The Town challenged the trial court’s finding that it had temporarily taken portions of Wayne’s property and that there had been a regulatory taking of portions of Wayne’s property outside the easement area. The Town argued that its contractor’s use of Wayne’s property for construction along the easement was not an inverse taking and that the trial court had erred in allowing Wayne’s expert to testify as to the impact of construction crews’ activities on Wayne’s ability to use his land. However, the appellate court agreed with the trial court that the construction activities were necessary and essential to construction, and that the Town had failed to obtain a large enough plot of land to accommodate its construction activities, forcing it to appropriate additional portions of Wayne’s land outside the easement, sufficient to sustain an inverse takings claim. The appellate court upheld the trial court’s finding in favor of Wayne.
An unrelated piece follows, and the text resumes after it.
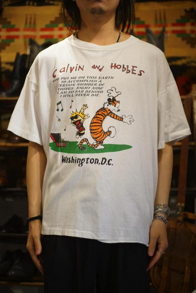 This is a souvenir T-shirt from Washington, DC, featuring the American newspaper comic strip Calvin and Hobbes from the 1990s.
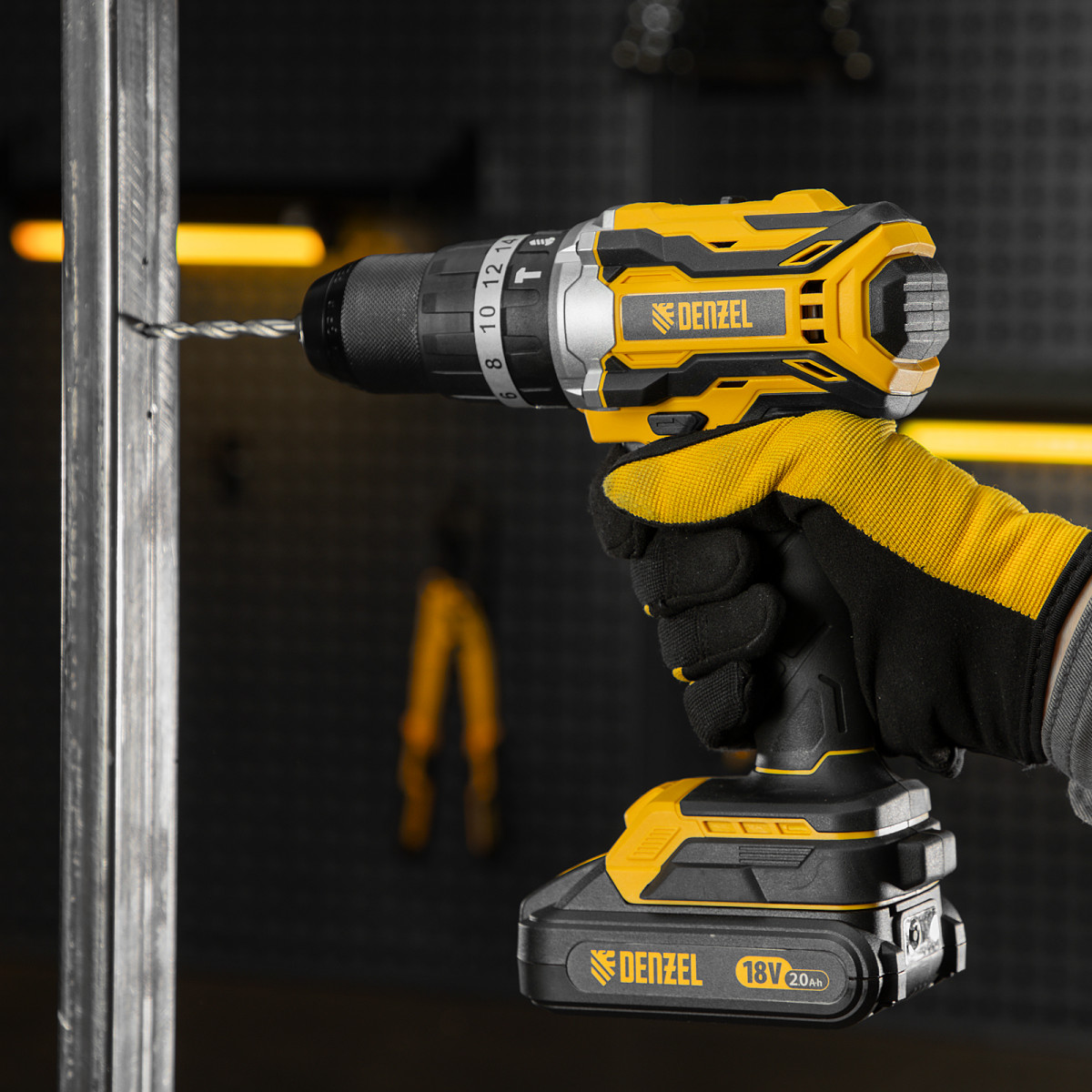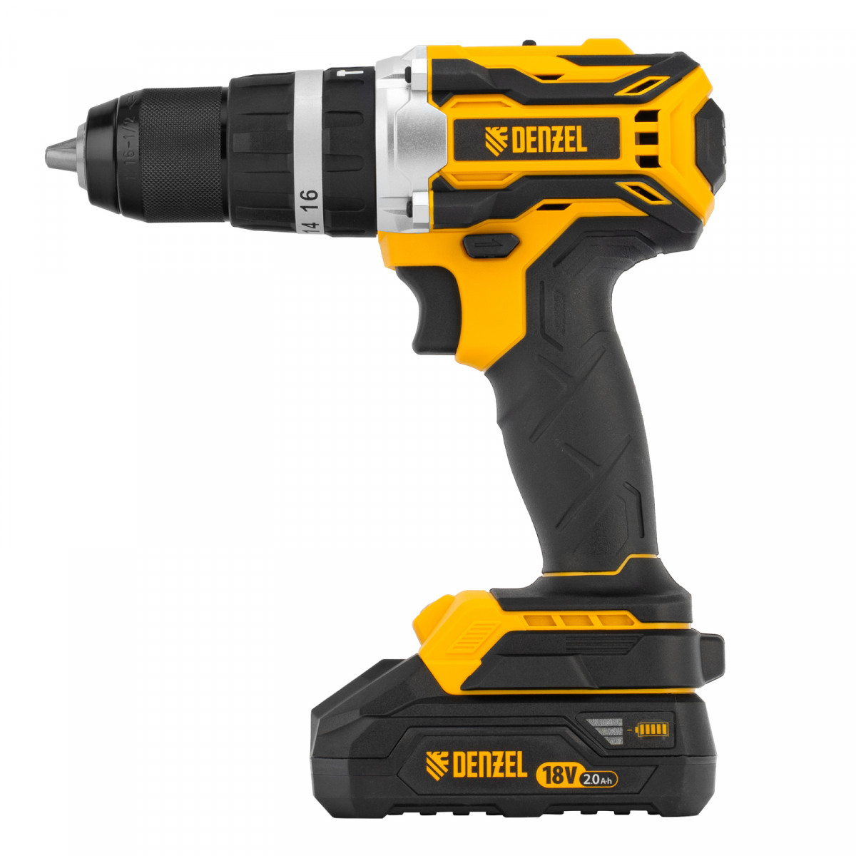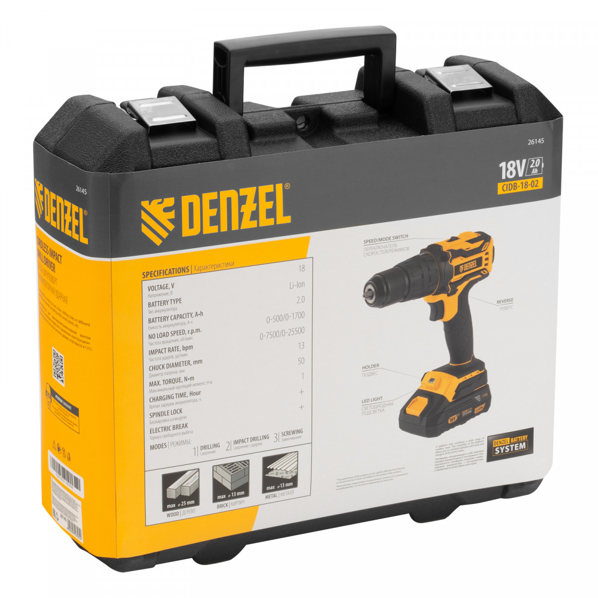 Дрель-шуруповерт аккумуляторная ударная бесщет CIDB-18-02, Li-Ion, 18 В Denzel

Further, the appellate court agreed with the trial court that, because of the Town’s construction activities, Wayne was deprived of some practical use of portions of his property, resulting in some level of regulatory taking. However, the appellate court disagreed with the trial court on the extent of the diminution in property value. Because Wayne’s property had been the subject of the 1997 customized development plan, Wayne’s rights to develop the property had vested, and because of the Town’s activities on the property, the trial court had found it was no longer feasible for Wayne to carry out the 1997 development plan in the portions of his property affected by the Town easement, and thus that the property had lost all beneficial value. The appellate court was not willing to go so far as to say that Wayne’s 87 acres impacted by the Town’s activities was rendered completely valueless, and instead charged that evidence should be presented to ascertain the actual diminution in Wayne’s property value. Lastly, the appellate court passed on the vested rights issue, simply holding that Wayne was only entitled to damages equal to his diminution in property value under state statute, not additional damages resulting from the loss of allegedly vested rights. The court remanded the diminution in value issue for a new trial.
Finally, Wayne appealed on the question of unity of ownership between himself and Park Creek LLC, of which he was a member and majority shareholder. Unity of ownership would have allowed Park Creek to join in the condemnation award because the parcels owned by Park Creek and Wayne could have been considered together as a “single tract.” However, the court held that Board of Transp. v. Martin, 249 S.E.2d 390, 395 (1978) prevented them from finding unity of ownership between “a parcel of land owned by an individual and an adjacent parcel of land owned by a corporation of which that individual is the sole or principal shareholder.” The court refused to distinguish between and LLC and a corporation for purposes of applying the the Martin case, holding that where such unity may exist between separate parcels owned by husband and wife, such unity does not exist in Wayne’s case. For those reasons, the court upheld the decision of the court below, finding against Wayne and Park Creek.

Town of Midland v. Wayne, 2013 WL 4714329 (NC App. 9/3/13).